=== Source material ===

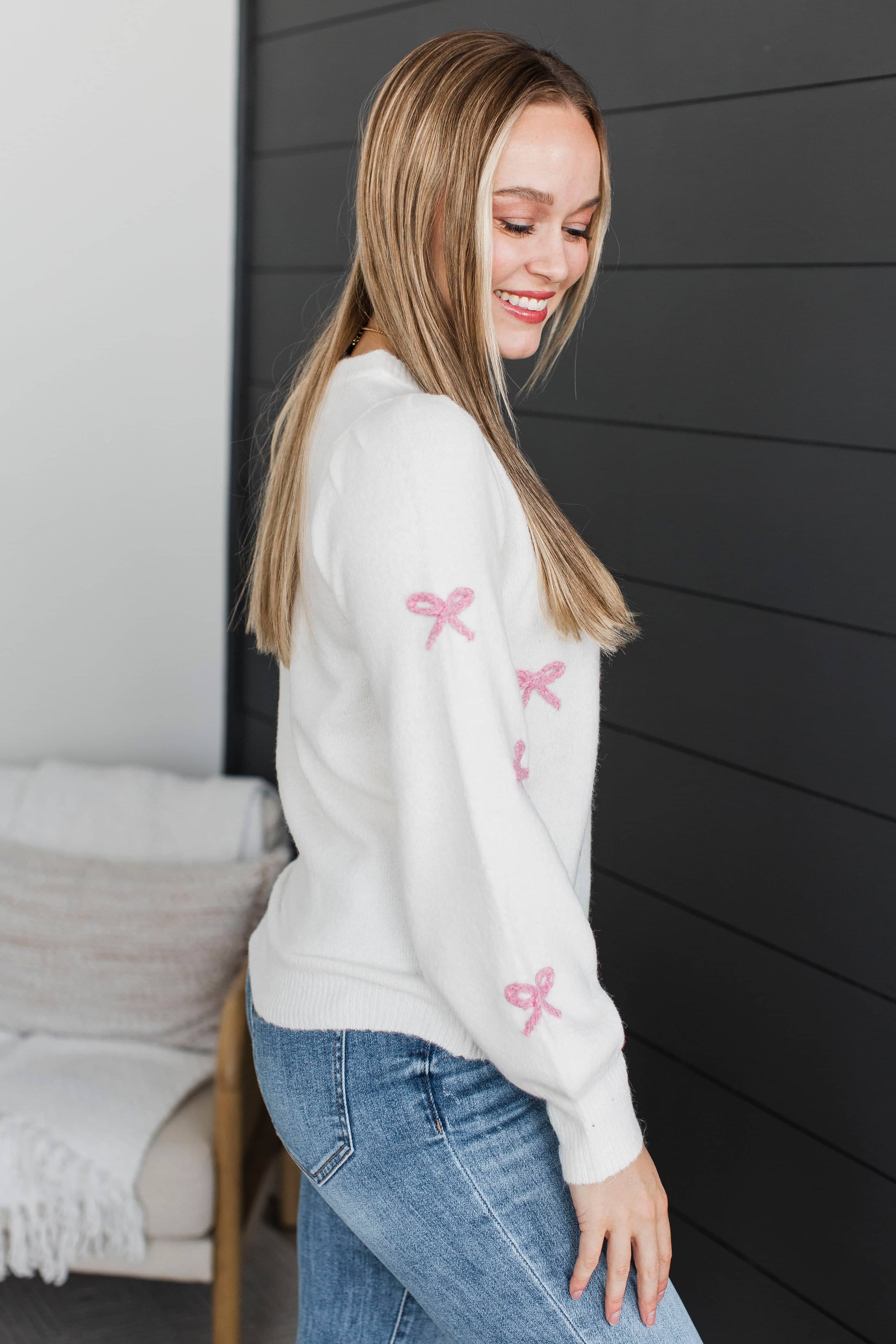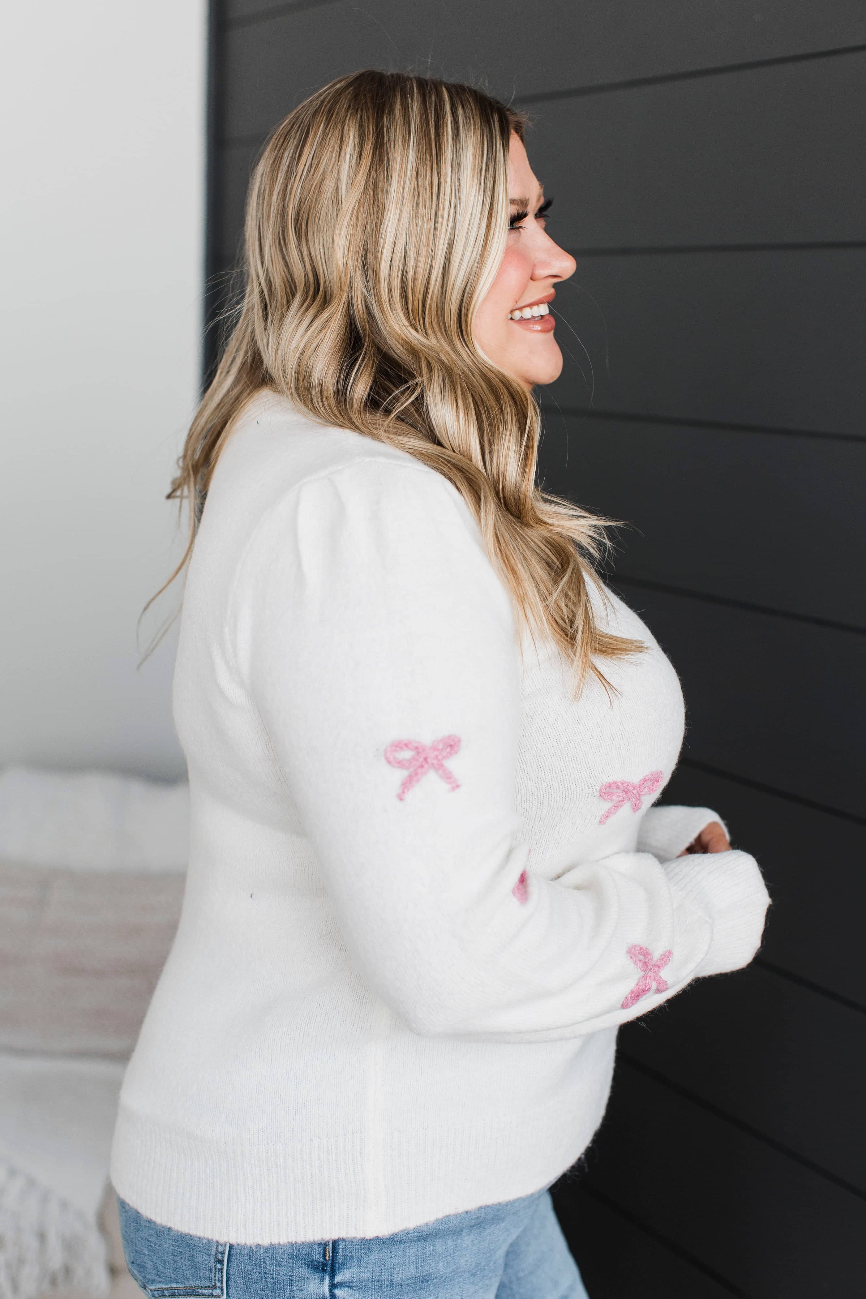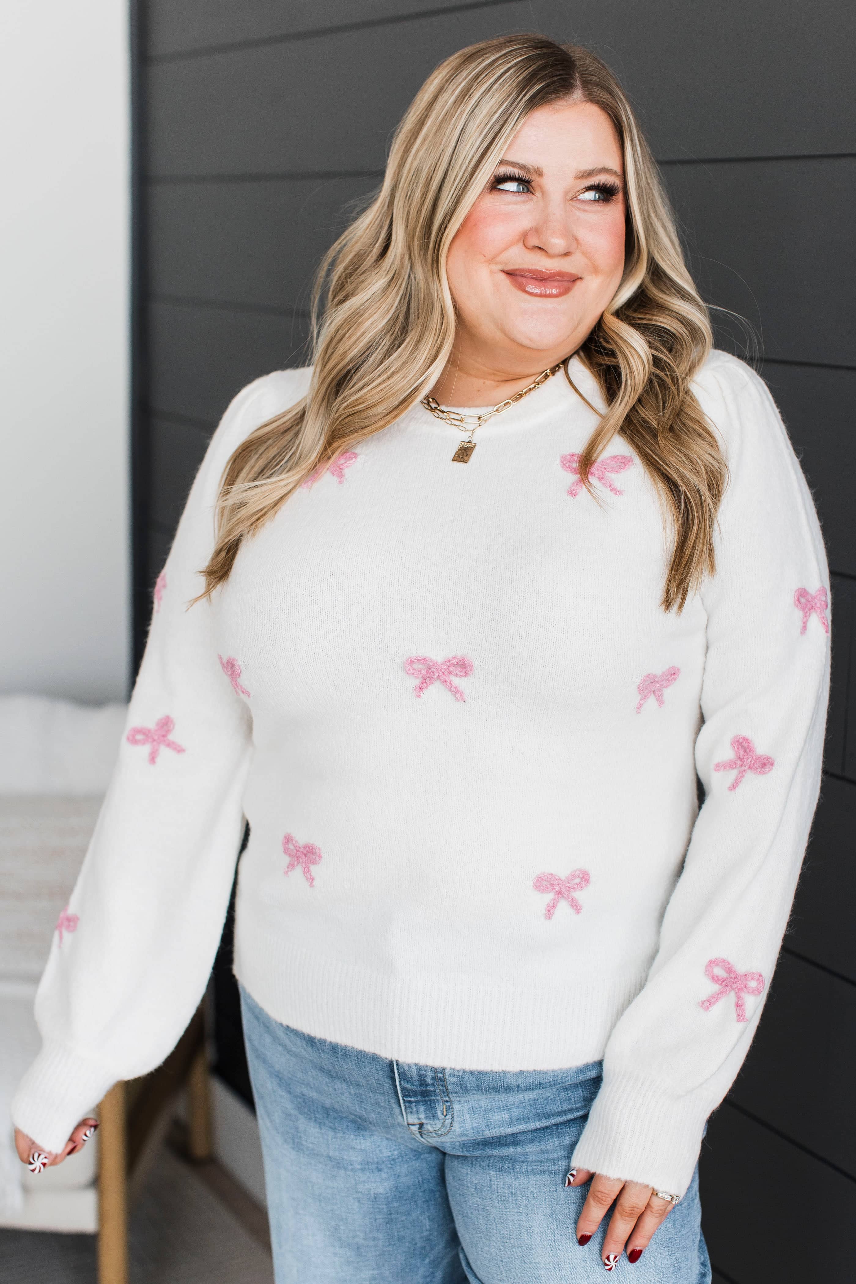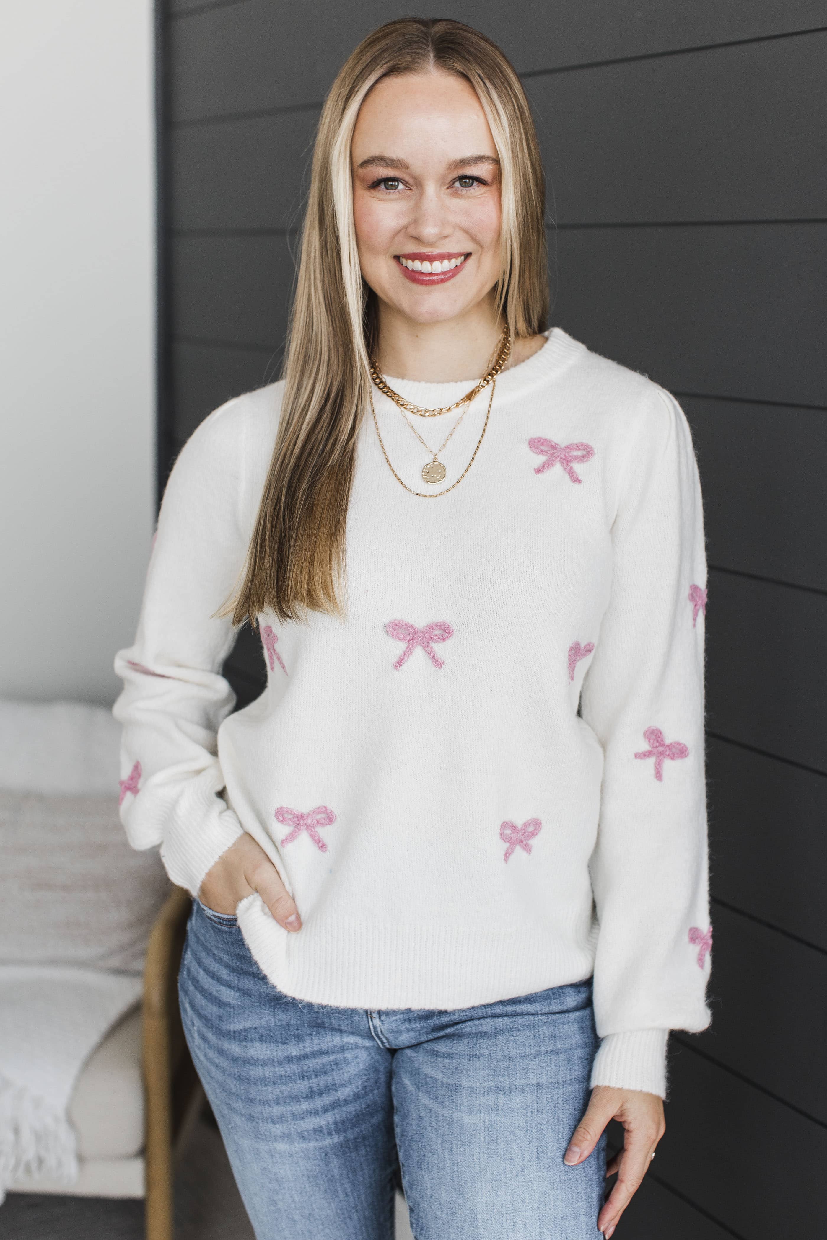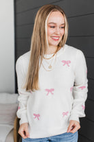 Envied By All Knit Bow Sweater- Ivory & Pink
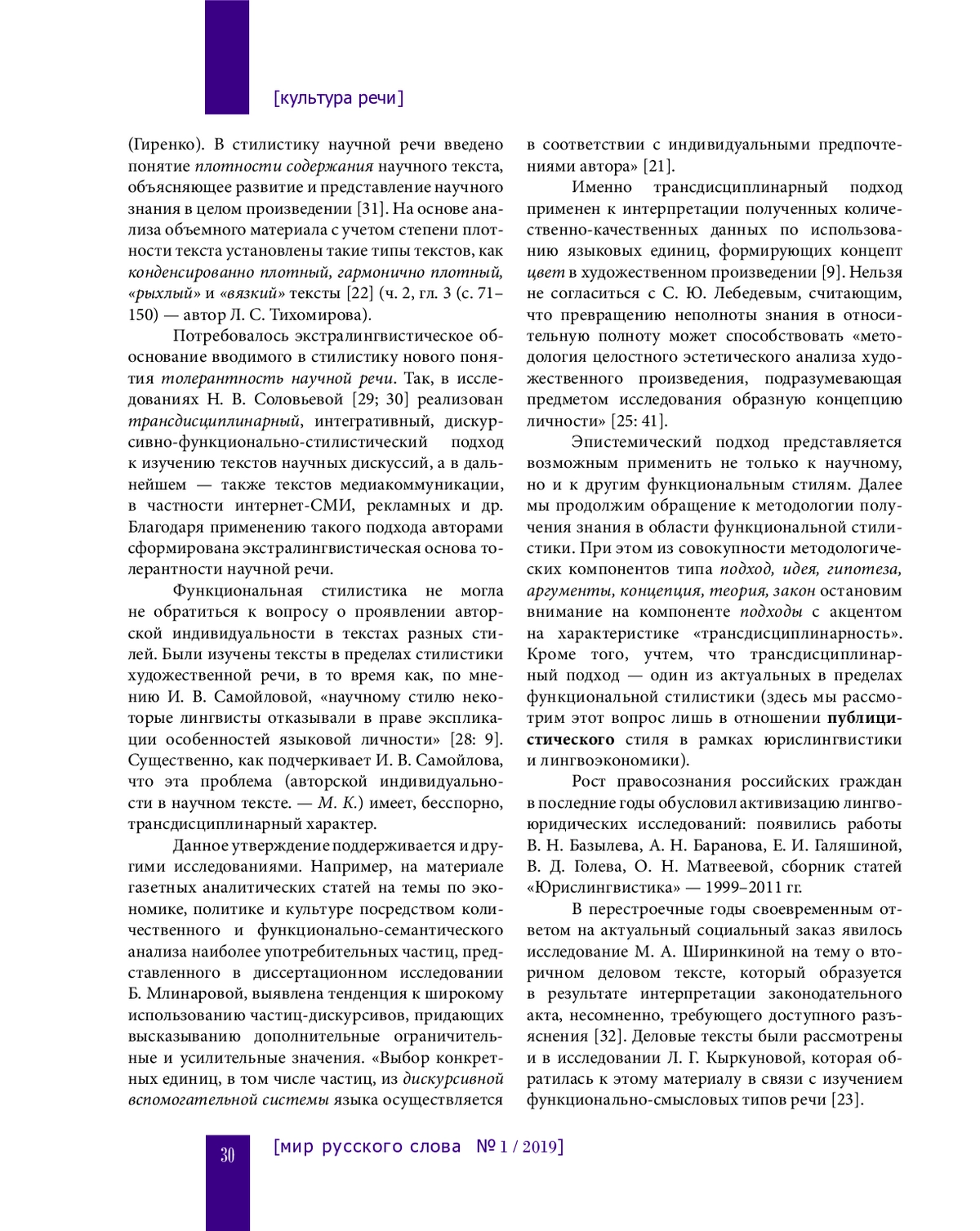 30. Соловьева Н. В., Тихомирова Л. С. Толерантность в речевой коммуникации. Пермь, 2012. EDN: WDXHIT
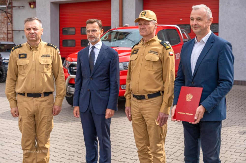 W dniu 15 września 2025 r. w Komendzie Wojewódzkiej Państwowej Straży Pożarnej w Białymstoku odbyło się uroczyste wręczenie umów w ramach Programu Ochrony Ludności i Obrony Cywilnej na lata 2025 – 2026. Posłużą one przede wszystkim zaspokojeniu potrzeb krajowego systemu ratownictwa gaśniczego. To ogromne wsparcie dla podlaskich jednostek Państwowej Straży Pożarnej.

===

# Prompt
Please, without any of the pictures, set down exactly the lines from the beginning of the listing to the line that contains "30. Соловьева Н.", inclusive.

# The completed task
 Envied By All Knit Bow Sweater- Ivory & Pink
 30. Соловьева Н. В., Тихомирова Л. С. Толерантность в речевой коммуникации. Пермь, 2012. EDN: WDXHIT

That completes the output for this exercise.